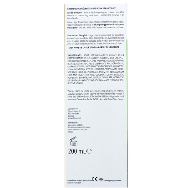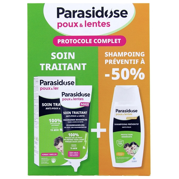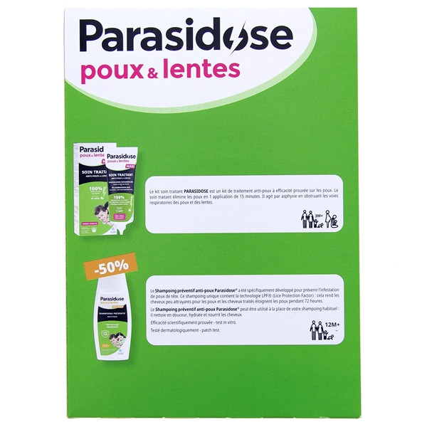 Le kit de traitement anti-poux Parasidose contient 1 soin traitant anti-poux et lentes de 200 ml et 1 shampoing préventif de 200 ml avec - 50 % offert. Ce duo regroupe deux essentiels pour éliminer efficacement et durablement les poux et lentes.
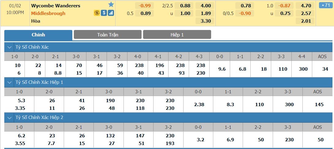 2 cuộc chạm trán trong lịch sử giữa 2 đội đều chỉ có 2 bàn thắng được ghi mỗi 90 phút. Các trận đấu có sự góp mặt của Wycombe có trung bình 2,1 bàn còn Middlesbrough là 2 ở mùa giải năm nay. Như vậy, trước mắt ta dự kiến sẽ là 1 kết quả xỉu nữa.
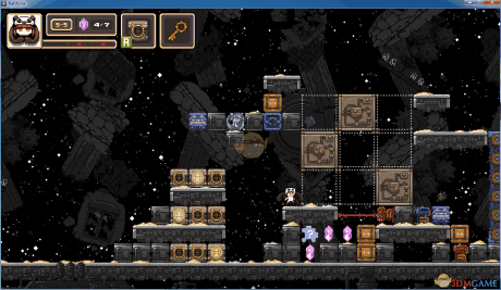 调整机械板位置(如图所示),跳到最上方把破碎的箱子推下。
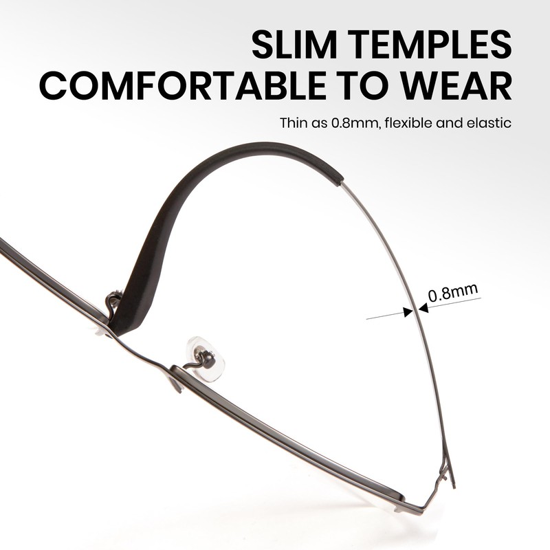 - Screwless frame: By eliminating the hinge, we have created a shape that naturally clings to your head. The fit is excellent and it does not slip off so quickly so no pain in the ears or temples even during prolonged wear
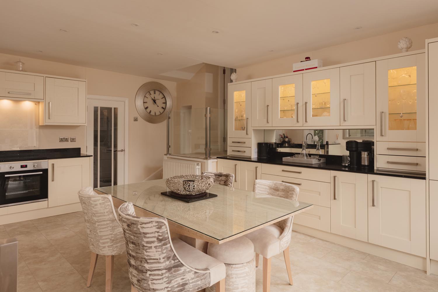 Inside, the attention to detail is immediately evident. The entrance hall establishes a calm, elegant tone, with soft light, pale tiling and warm neutral hues drawing the eye through to the main living areas. The bespoke staircase, with its sculptural handrail and painted balustrade, sets a note of craftsmanship that continues throughout the house.
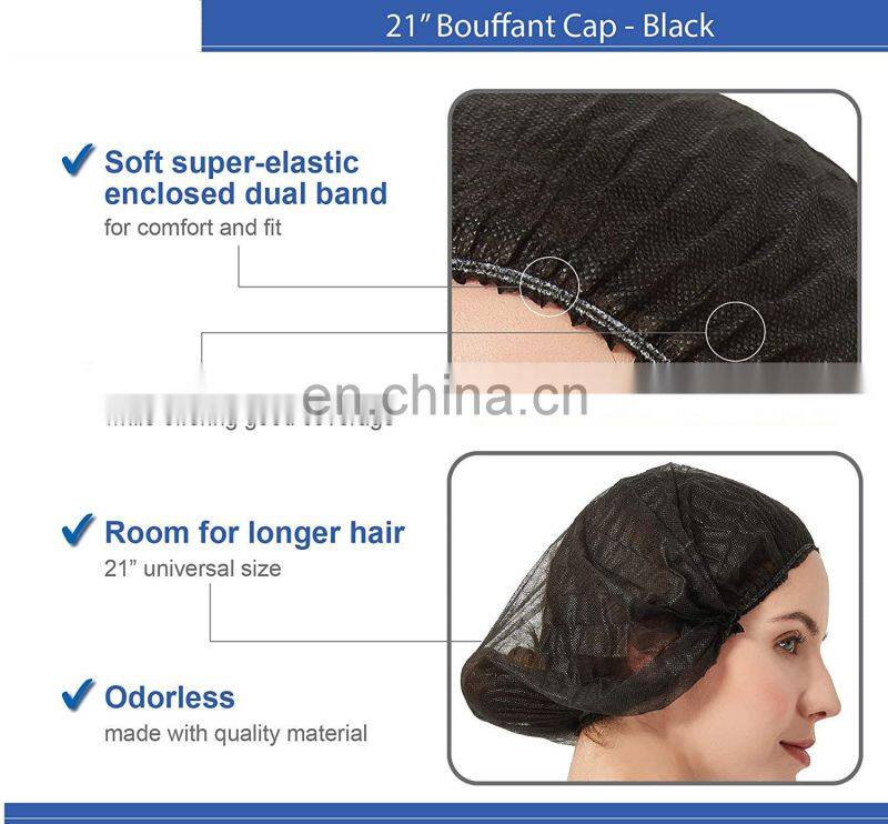 Non-wowen Elastic Disposable Bouffant Hair Caps Net 21''
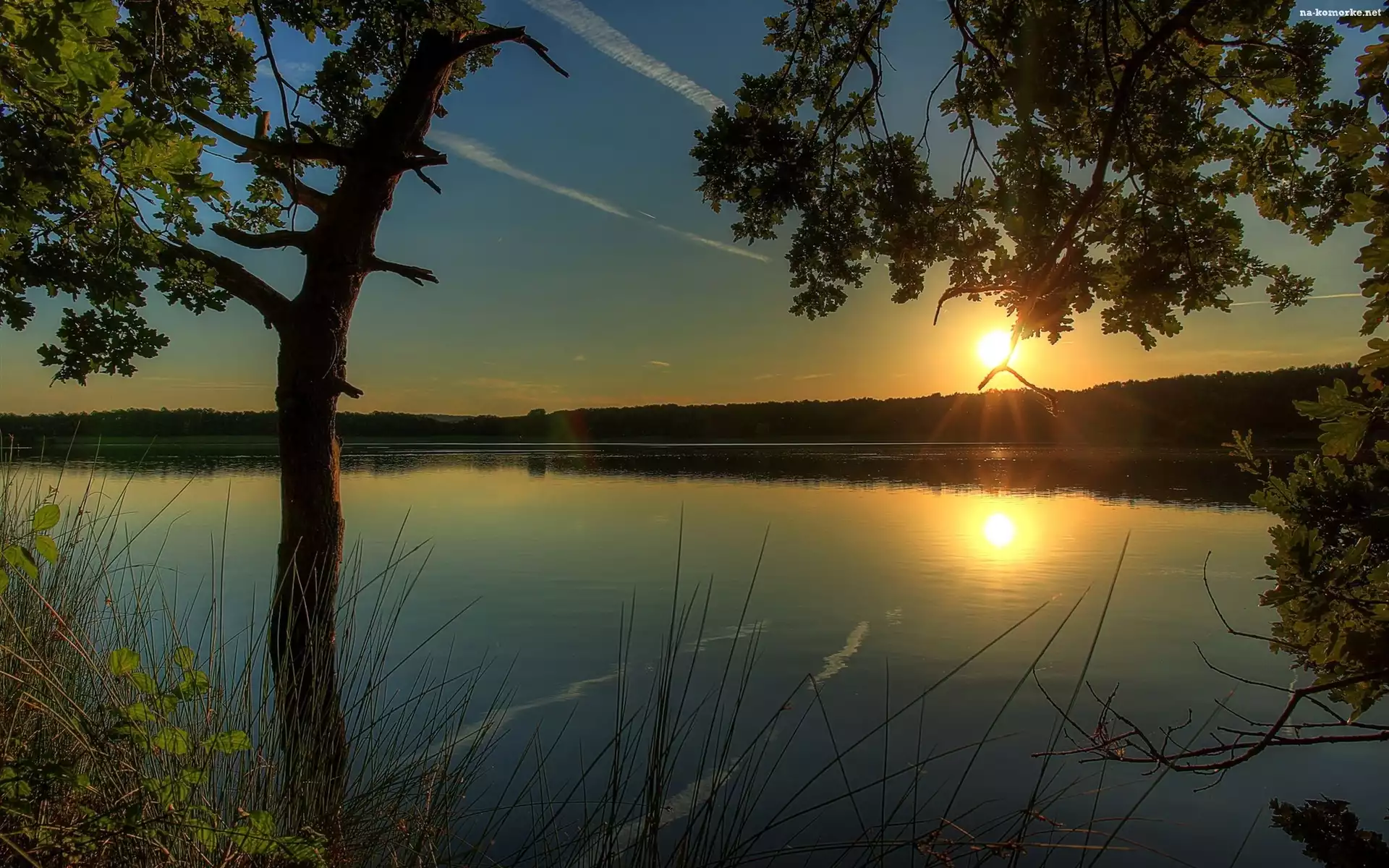 Słońca, Jezioro, Drzewa, Lasy, Wschód na Komórkę

§ §

* **Exercise aim**: Print the entries above exactly, leaving pictures out.

* **Output of the task**:
 Le kit de traitement anti-poux Parasidose contient 1 soin traitant anti-poux et lentes de 200 ml et 1 shampoing préventif de 200 ml avec - 50 % offert. Ce duo regroupe deux essentiels pour éliminer efficacement et durablement les poux et lentes.
 2 cuộc chạm trán trong lịch sử giữa 2 đội đều chỉ có 2 bàn thắng được ghi mỗi 90 phút. Các trận đấu có sự góp mặt của Wycombe có trung bình 2,1 bàn còn Middlesbrough là 2 ở mùa giải năm nay. Như vậy, trước mắt ta dự kiến sẽ là 1 kết quả xỉu nữa.
 调整机械板位置(如图所示),跳到最上方把破碎的箱子推下。
 - Screwless frame: By eliminating the hinge, we have created a shape that naturally clings to your head. The fit is excellent and it does not slip off so quickly so no pain in the ears or temples even during prolonged wear
 Inside, the attention to detail is immediately evident. The entrance hall establishes a calm, elegant tone, with soft light, pale tiling and warm neutral hues drawing the eye through to the main living areas. The bespoke staircase, with its sculptural handrail and painted balustrade, sets a note of craftsmanship that continues throughout the house.
 Non-wowen Elastic Disposable Bouffant Hair Caps Net 21''
 Słońca, Jezioro, Drzewa, Lasy, Wschód na Komórkę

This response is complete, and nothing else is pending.